Material for the task section start

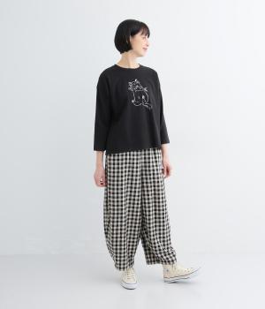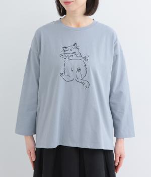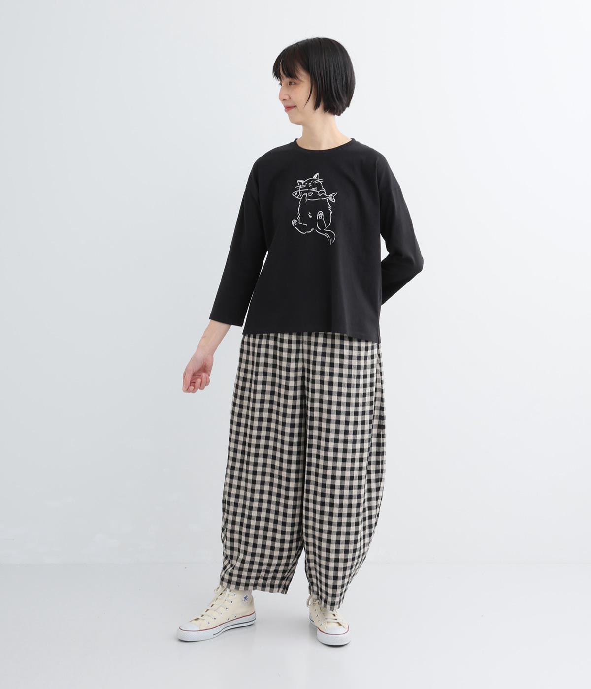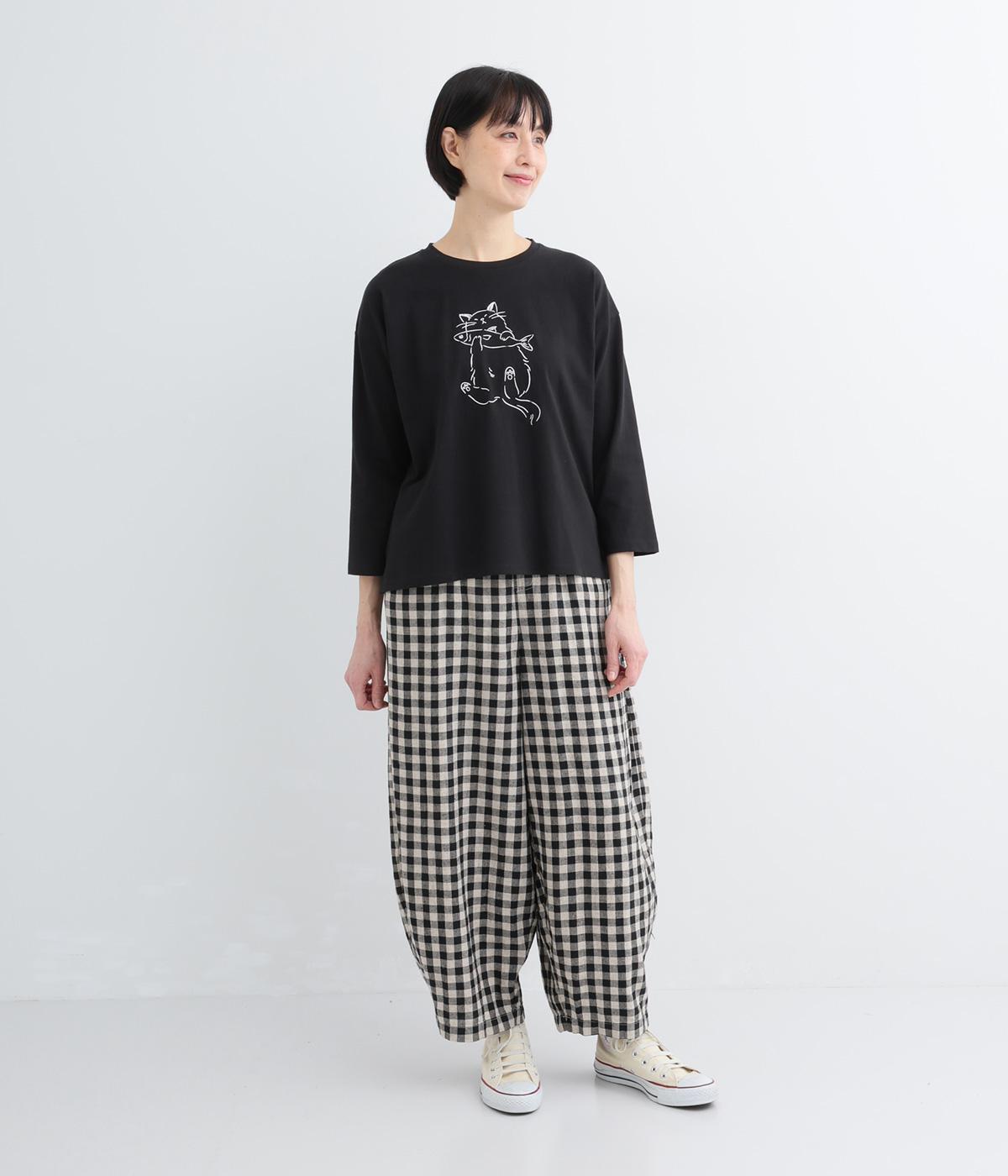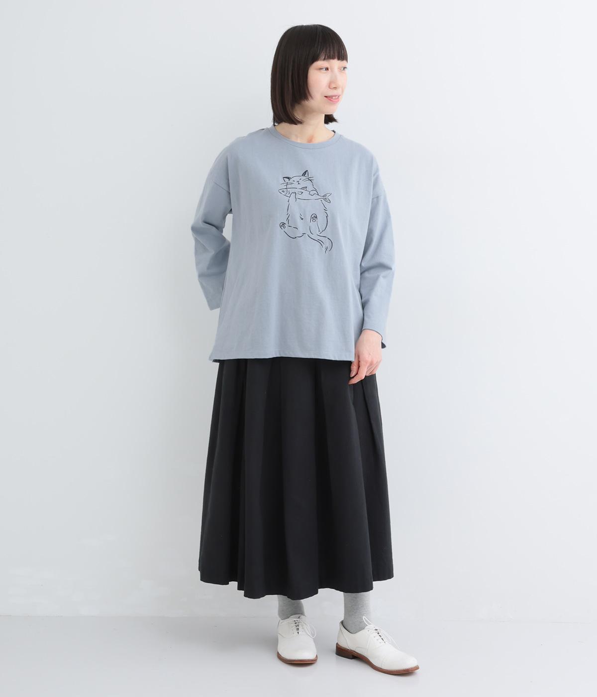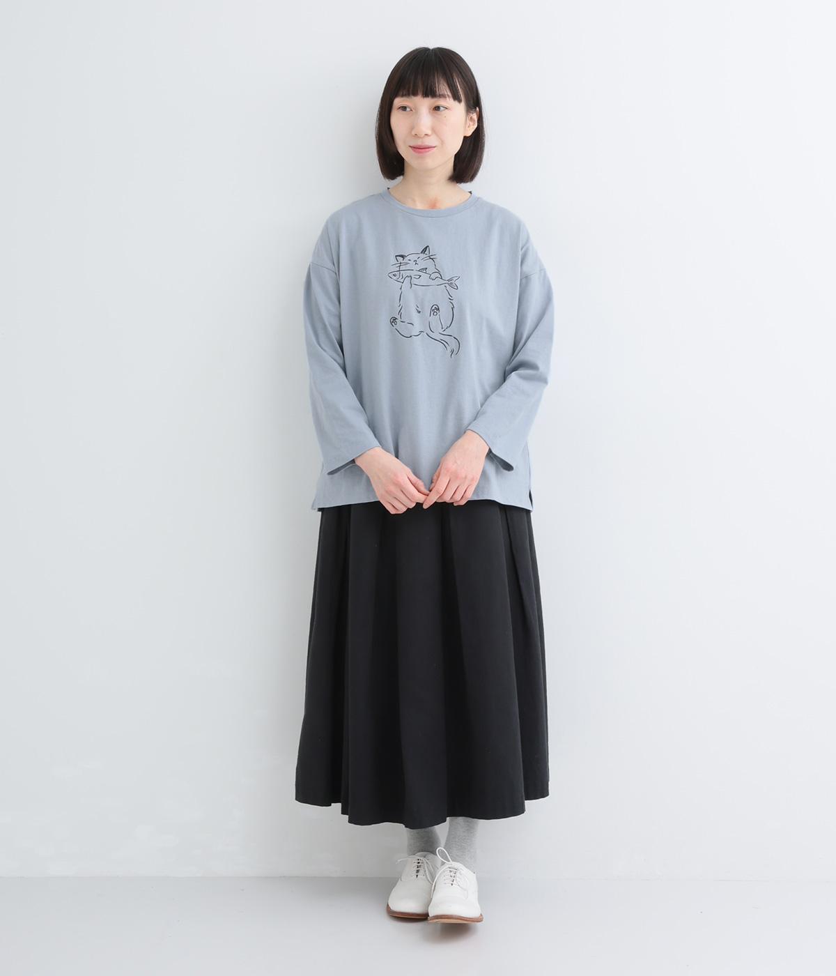 魚をつかんで離さない、味わい深い表情の猫を刺しゅうであしらいました。裾スリット入りで動きやすさも確保。洗いざらしのようなナチュラルな風合いと8分袖が、抜け感のあるこなれた雰囲気を醸します。
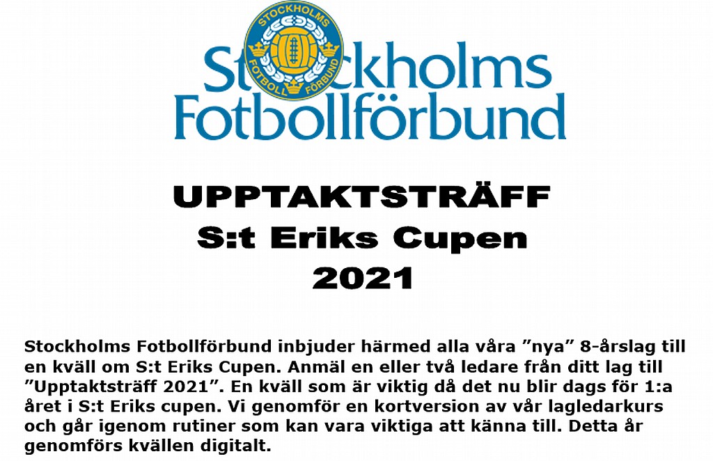 Stockholms Fotbollförbund inbjuder alla ”nya” 8-årslag till en kväll om S:t Eriks Cupen. Anmäl en eller två ledare från ditt lag till ”Upptaktsträff 2021”. En kväll som är viktig då det nu blir dags för 1:a året i S:t Eriks cupen. Vi genomför en kortversion av vår lagledarkurs och går igenom rutiner som kan vara viktiga att känna till. Detta år genomförs kvällen digitalt.
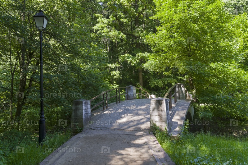 Небольшой красивый пешеходный мостик через овраг. Царицынский парк, Москва, Россия. Солнечный день в июне
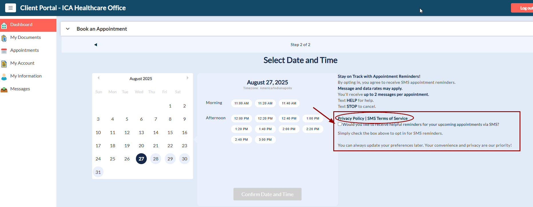 Clients can opt in for SMS reminders when booking an appointment. A link to the privacy policy is provided before they select the opt-in checkbox.
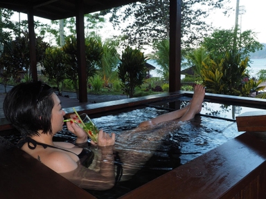 Toe aan relaxen en wellness? Ook dan ben je bij Dive into Lembeh aan het juiste adres. Het resort beschikt over een zwembad, een spa met 3 massage ruimtes en elke bungalow heeft een eigen Japanse Onsen (badgelegenheid met water uit een geiser). Bij het grote zwembad (18x6 meter) kun je genieten van de zon, op het daarvoor bestemde zonneterras. Wordt het je te warm in de brandende zon? Dan is het fijn om te weten dat het openlucht restaurant en de bar beschikken over plafondventilators. De ervaren koks bieden u een ruime selectie van lokale en internationale gerechten.
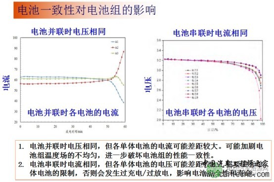 据介绍,当将三支具有差异的电池并联时,容易在充电后期产生较大的差异,充电前期电流小的电池,后期电流就会突然增加;充电前期电流大的电池,后期电流就会减少。这就是不一致性导致的结果。在电池串联的情况下,各单体电池的电压可能差距较大,需要进行单体电池的电压限制,否则会发生有些电池已经过放过充了,有些还没有达到相对应的状态,从而影响电池安全性和寿命,这也是不一致性所导致的。
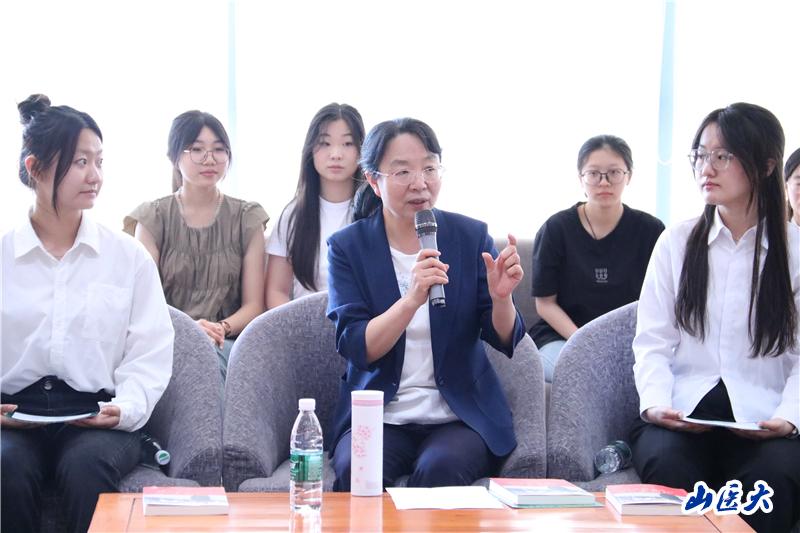 第三環節是互動提問。彭月蘭結合自己的讀書感悟和駐村經歷給現場的師生們答疑解惑。她強調,要養成帶著問題進行閱讀的好習慣,深入挖掘書中內涵,品讀經典原著、研讀專業書籍。要讀原著、學原文、悟原理,堅持學思用貫通、知信行統一,自覺把個人奮斗同國家前途命運緊緊聯系在一起,為衛生健康事業高質量發展貢獻青春力量。
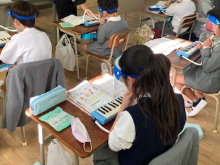 山のポルカという曲です。2年生の教室から、鍵盤ハーモニカを吹いている音が聞こえてきました。リズムにのって、子どもたちも楽しそうです。教室が明るくなりますね。
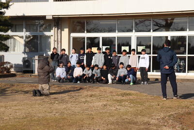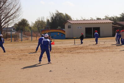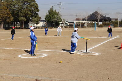 体育の授業では、引き続き「ベースボール型」を行いました。ティーと呼ばれる台座にボールを乗せて前後半で攻撃と守備を行い、点数を多くとったチームの勝ちとなるルールです。風が強く吹く中、元気に取り組んでいました。
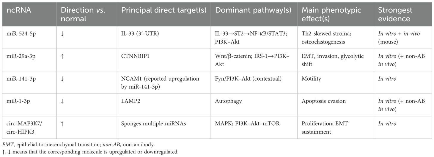 Such findings underscore ncRNAs orchestrating a complex regulatory crosstalk among oncogenic pathways. For example, the miR-29a-3p-driven IRS-1 expression potentiates PI3K/Akt signaling, while miR-141-3p loss removes the repression of NCAM1, which in turn recruits Fyn–PI3K complexes. These events synchronize with the IL-33/ST2 axis influenced by miR-524-5p depletion. Together, these interlinked loops reinforce MAPK, Wnt/β-catenin, and mTOR activity, forming a resilient oncogenic network (18–20).
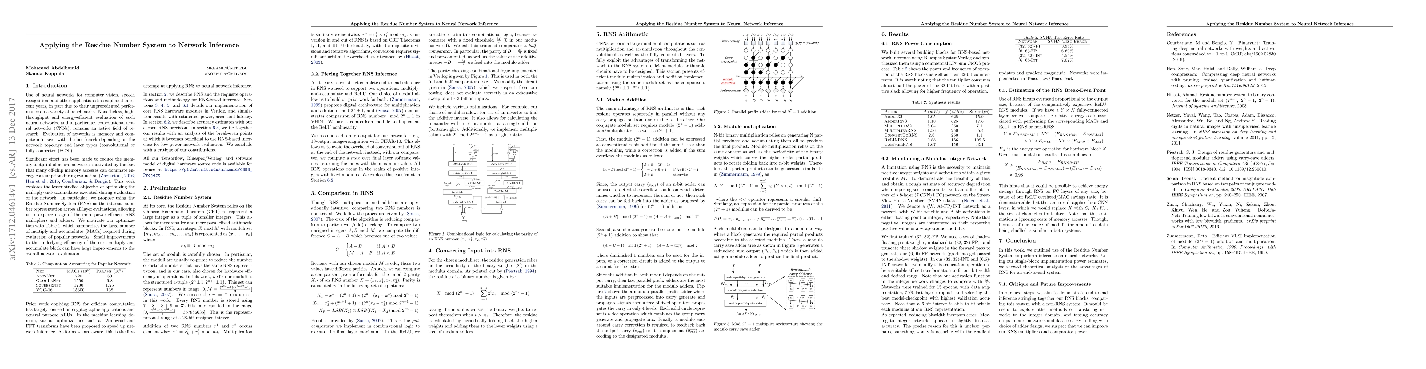 This work explores the lesser studied objective of optimizing the multiply-and-accumulates executed during evaluation of the network. In particular, we propose using the Residue Number System (RNS) as the internal number representation across all layer evaluations, allowing us to explore usage of the more power-efficient RNS multipliers and adders. Using results from simulation of our RNS arithmetic block implementations, we show theoretical power advantages of using RNS for an end-to-end evaluator.
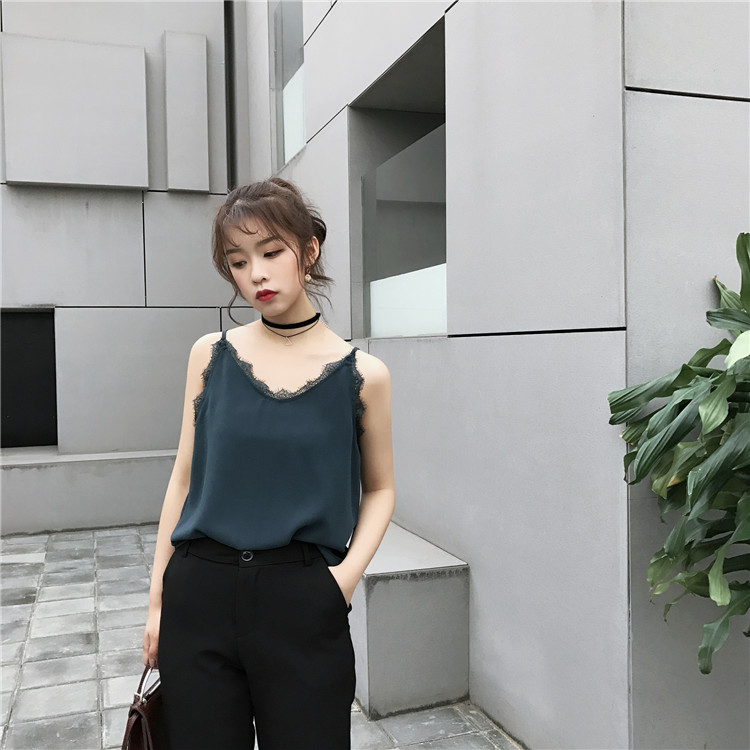/ 韓國新款chic風百搭修身顯瘦V領蕾絲純色學生小清新吊帶背心上衣
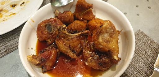 Read moreRealmente estava à espera de melhor serviço e também de melhor comida, pela avaliação que tinham dado. Ficamos na sala pequena, a esplanada estava completa, mas tanto esta como a sala principal com uma decoração muito fina. Pedimos as bebidas e logo trouxeram 4 metades de mexilhão com um preparado com pão ralado. Pedimos para trocar por outra coisa, porque não gostamos de mexilhões eu até tenho intolerância. Mas não trocaram, levaram e pronto. Eu pedi croquetes de presunto e a minha companheira, frango estaladiço com cereais e marmelada de tomate picante, disseram que não era muito picante (parecido com o molho das patatas bravas - especialidade de Madrid e da Espanha toda - ou da nossa francesinha). Mas, ofrango estava seco. Vieram os meus croquetes a desfazerem-se com o espetar do garfo, e o frango veio meia hora depois daqueles... Tudo, sem acomoanhamentos a 10 e 11€, achei demasiado. Ficou muito a desejar. Por metade do preço, na Plaza Mayor, ao jantar, fartei de beber cañas e comer uma tapa enorme com cada uma,...
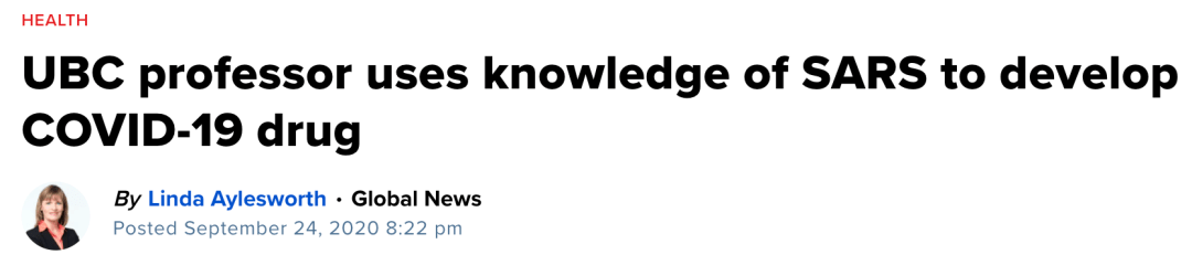 當地時間9月24日,有外媒Global News報道稱,加拿大UBC的大學教授研發出了治療新冠肺炎的藥物。
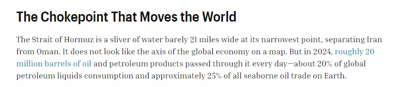 文章认为,霍尔木兹海峡是“石油美元”体系最关键的节点所在。作为全球能源运输的“咽喉要道”,霍尔木兹海峡承担了约20%的全球石油和近五分之一的液化天然气(LNG)贸易运输,对中东地区国家出口能源产品至关重要。

Material for the task section end

* **Action item**
Please retype the data exactly as it appears, but without any of its pictures.

* **Completed task**
 魚をつかんで離さない、味わい深い表情の猫を刺しゅうであしらいました。裾スリット入りで動きやすさも確保。洗いざらしのようなナチュラルな風合いと8分袖が、抜け感のあるこなれた雰囲気を醸します。
 Stockholms Fotbollförbund inbjuder alla ”nya” 8-årslag till en kväll om S:t Eriks Cupen. Anmäl en eller två ledare från ditt lag till ”Upptaktsträff 2021”. En kväll som är viktig då det nu blir dags för 1:a året i S:t Eriks cupen. Vi genomför en kortversion av vår lagledarkurs och går igenom rutiner som kan vara viktiga att känna till. Detta år genomförs kvällen digitalt.
 Небольшой красивый пешеходный мостик через овраг. Царицынский парк, Москва, Россия. Солнечный день в июне
 Clients can opt in for SMS reminders when booking an appointment. A link to the privacy policy is provided before they select the opt-in checkbox.
 Toe aan relaxen en wellness? Ook dan ben je bij Dive into Lembeh aan het juiste adres. Het resort beschikt over een zwembad, een spa met 3 massage ruimtes en elke bungalow heeft een eigen Japanse Onsen (badgelegenheid met water uit een geiser). Bij het grote zwembad (18x6 meter) kun je genieten van de zon, op het daarvoor bestemde zonneterras. Wordt het je te warm in de brandende zon? Dan is het fijn om te weten dat het openlucht restaurant en de bar beschikken over plafondventilators. De ervaren koks bieden u een ruime selectie van lokale en internationale gerechten.
 据介绍,当将三支具有差异的电池并联时,容易在充电后期产生较大的差异,充电前期电流小的电池,后期电流就会突然增加;充电前期电流大的电池,后期电流就会减少。这就是不一致性导致的结果。在电池串联的情况下,各单体电池的电压可能差距较大,需要进行单体电池的电压限制,否则会发生有些电池已经过放过充了,有些还没有达到相对应的状态,从而影响电池安全性和寿命,这也是不一致性所导致的。
 第三環節是互動提問。彭月蘭結合自己的讀書感悟和駐村經歷給現場的師生們答疑解惑。她強調,要養成帶著問題進行閱讀的好習慣,深入挖掘書中內涵,品讀經典原著、研讀專業書籍。要讀原著、學原文、悟原理,堅持學思用貫通、知信行統一,自覺把個人奮斗同國家前途命運緊緊聯系在一起,為衛生健康事業高質量發展貢獻青春力量。
 山のポルカという曲です。2年生の教室から、鍵盤ハーモニカを吹いている音が聞こえてきました。リズムにのって、子どもたちも楽しそうです。教室が明るくなりますね。
 体育の授業では、引き続き「ベースボール型」を行いました。ティーと呼ばれる台座にボールを乗せて前後半で攻撃と守備を行い、点数を多くとったチームの勝ちとなるルールです。風が強く吹く中、元気に取り組んでいました。
 Such findings underscore ncRNAs orchestrating a complex regulatory crosstalk among oncogenic pathways. For example, the miR-29a-3p-driven IRS-1 expression potentiates PI3K/Akt signaling, while miR-141-3p loss removes the repression of NCAM1, which in turn recruits Fyn–PI3K complexes. These events synchronize with the IL-33/ST2 axis influenced by miR-524-5p depletion. Together, these interlinked loops reinforce MAPK, Wnt/β-catenin, and mTOR activity, forming a resilient oncogenic network (18–20).
 This work explores the lesser studied objective of optimizing the multiply-and-accumulates executed during evaluation of the network. In particular, we propose using the Residue Number System (RNS) as the internal number representation across all layer evaluations, allowing us to explore usage of the more power-efficient RNS multipliers and adders. Using results from simulation of our RNS arithmetic block implementations, we show theoretical power advantages of using RNS for an end-to-end evaluator.
/ 韓國新款chic風百搭修身顯瘦V領蕾絲純色學生小清新吊帶背心上衣
 Read moreRealmente estava à espera de melhor serviço e também de melhor comida, pela avaliação que tinham dado. Ficamos na sala pequena, a esplanada estava completa, mas tanto esta como a sala principal com uma decoração muito fina. Pedimos as bebidas e logo trouxeram 4 metades de mexilhão com um preparado com pão ralado. Pedimos para trocar por outra coisa, porque não gostamos de mexilhões eu até tenho intolerância. Mas não trocaram, levaram e pronto. Eu pedi croquetes de presunto e a minha companheira, frango estaladiço com cereais e marmelada de tomate picante, disseram que não era muito picante (parecido com o molho das patatas bravas - especialidade de Madrid e da Espanha toda - ou da nossa francesinha). Mas, ofrango estava seco. Vieram os meus croquetes a desfazerem-se com o espetar do garfo, e o frango veio meia hora depois daqueles... Tudo, sem acomoanhamentos a 10 e 11€, achei demasiado. Ficou muito a desejar. Por metade do preço, na Plaza Mayor, ao jantar, fartei de beber cañas e comer uma tapa enorme com cada uma,...
 當地時間9月24日,有外媒Global News報道稱,加拿大UBC的大學教授研發出了治療新冠肺炎的藥物。
 文章认为,霍尔木兹海峡是“石油美元”体系最关键的节点所在。作为全球能源运输的“咽喉要道”,霍尔木兹海峡承担了约20%的全球石油和近五分之一的液化天然气(LNG)贸易运输,对中东地区国家出口能源产品至关重要。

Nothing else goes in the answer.